BYOVD Attacks Are Rapidly Increasing
The campaign’s use of legitimate drivers to gain kernel-level access is another example of the rising Bring Your Own Vulnerable Driver technique.
Because the drivers are digitally signed and legitimate, many security solutions allow them to load without scrutiny.
Attackers exploit this trust to gain powerful system privileges and disable protective mechanisms.
HR Departments Remain One of the Weakest Entry Points
This incident also reinforces a long-standing cybersecurity reality: employees remain one of the most vulnerable components of any organization’s security posture.
Departments that frequently interact with external contacts, such as HR, finance, and procurement, are particularly susceptible to spear-phishing campaigns.
Organizations must implement strict policies for handling external files and ensure that suspicious attachments are scanned in isolated environments.
Security Infrastructure Must Adapt to These Evolving Threats
Defending against campaigns like this requires more than traditional antivirus tools.
Organizations must implement advanced threat detection technologies, behavioral monitoring, and strict driver loading policies.
Endpoint protection systems should also monitor for suspicious actions such as process hollowing, kernel driver loading, and unexpected PowerShell execution.
Without these protections, sophisticated malware like BlackSanta can easily bypass traditional defenses.
Fact Checker Results
✅ Security researchers confirmed the malware campaign and its components, including the BlackSanta EDR killer.

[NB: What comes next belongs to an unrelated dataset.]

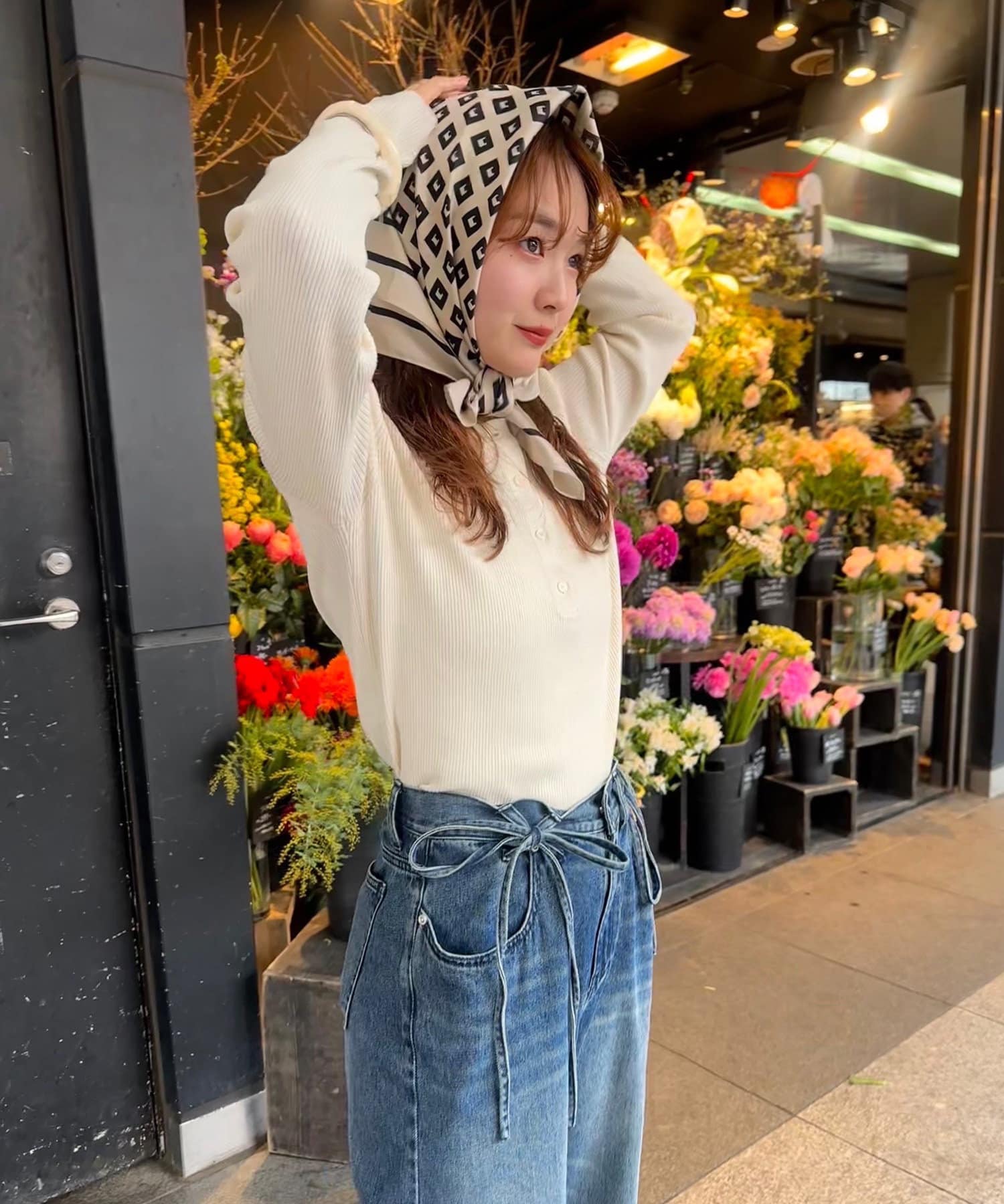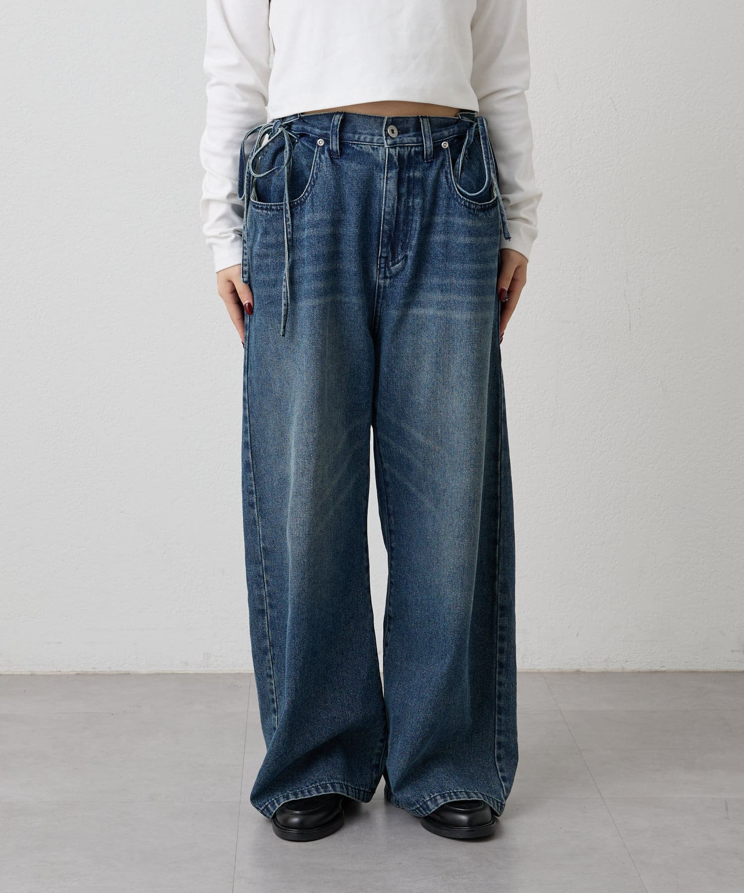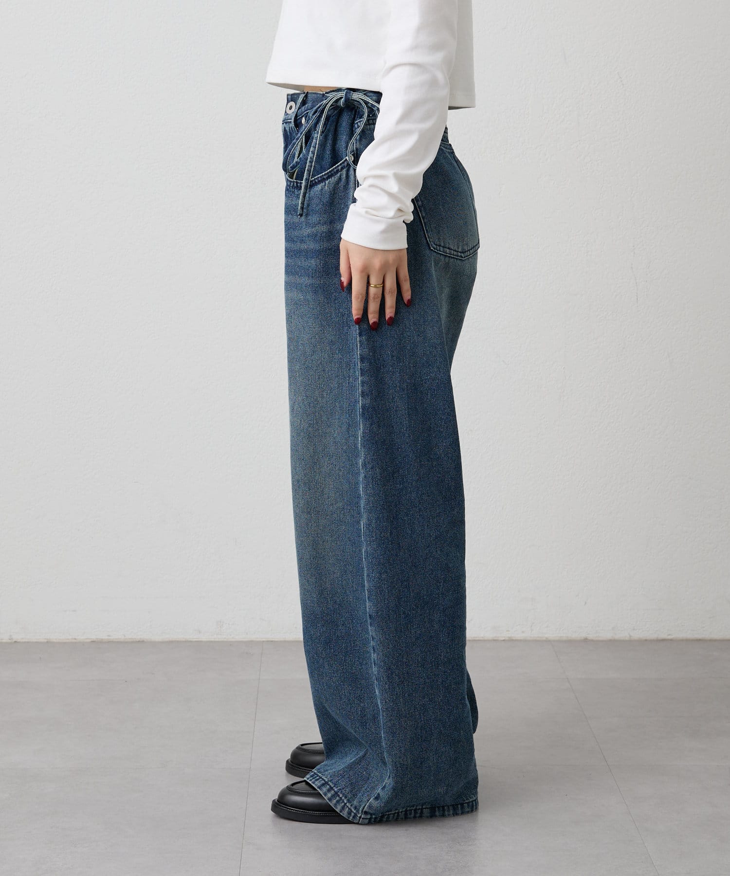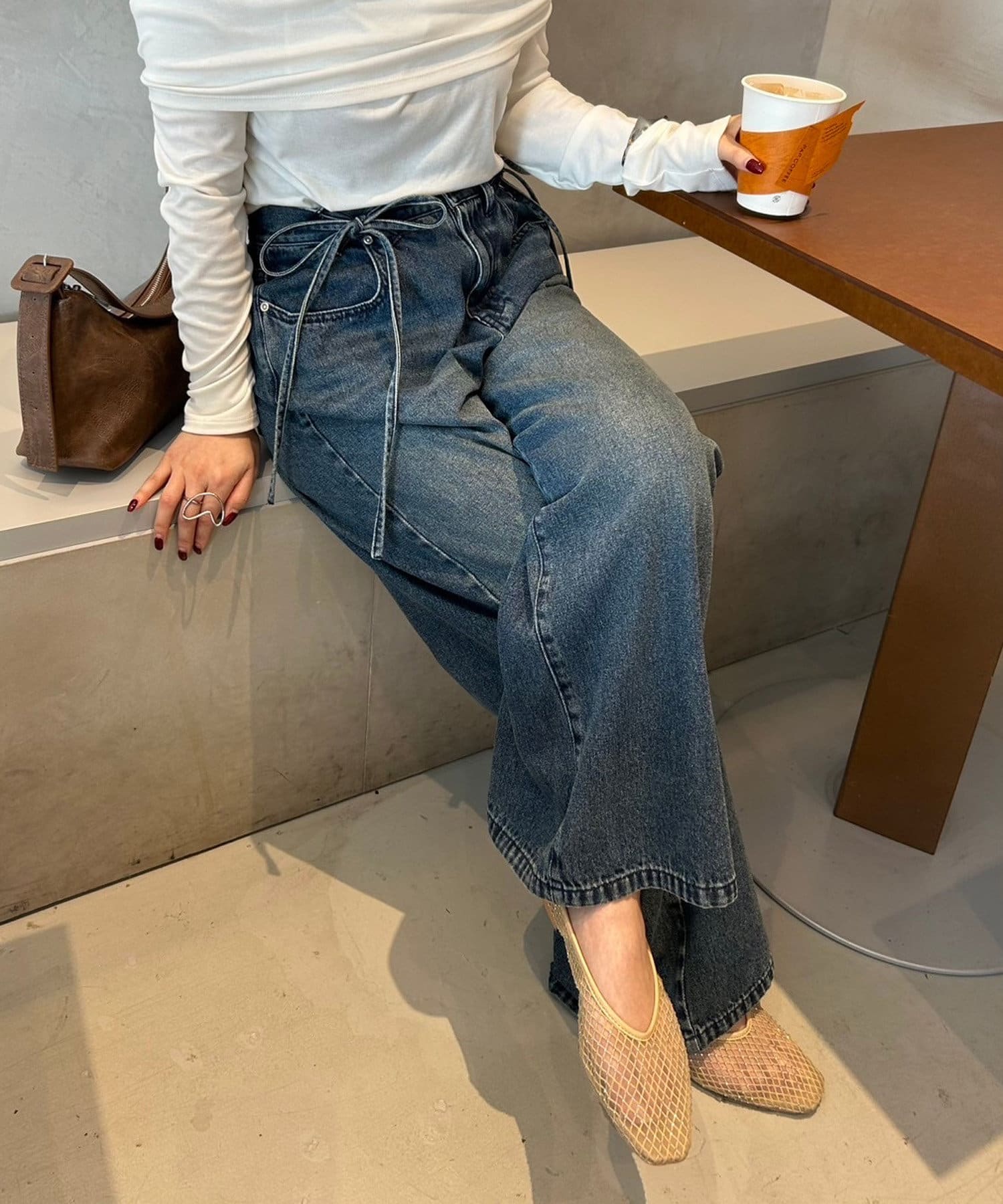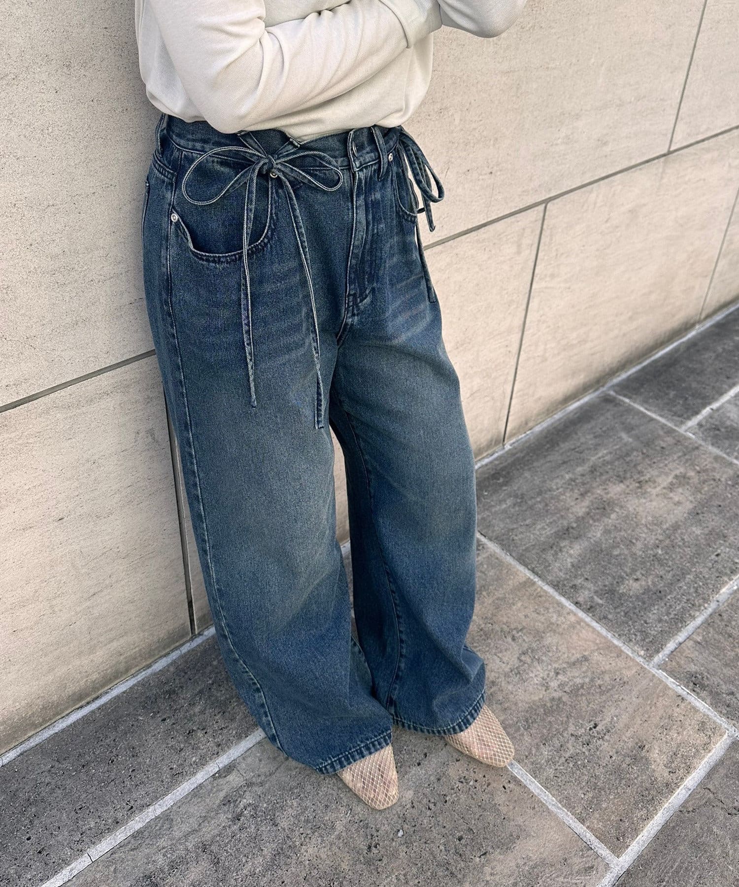 ウエストのリボンが目を惹くお洒落デニムが登場!

✅ The attack chain involving ISO files, steganography, DLL sideloading, and BYOVD drivers is technically consistent with known advanced malware tactics.
❌ The final payload delivered by the attackers could not be identified because the command-and-control server was offline during investigation.
Prediction
🔮 EDR-killing malware will likely become a standard feature in advanced cyberattack toolkits over the next few years.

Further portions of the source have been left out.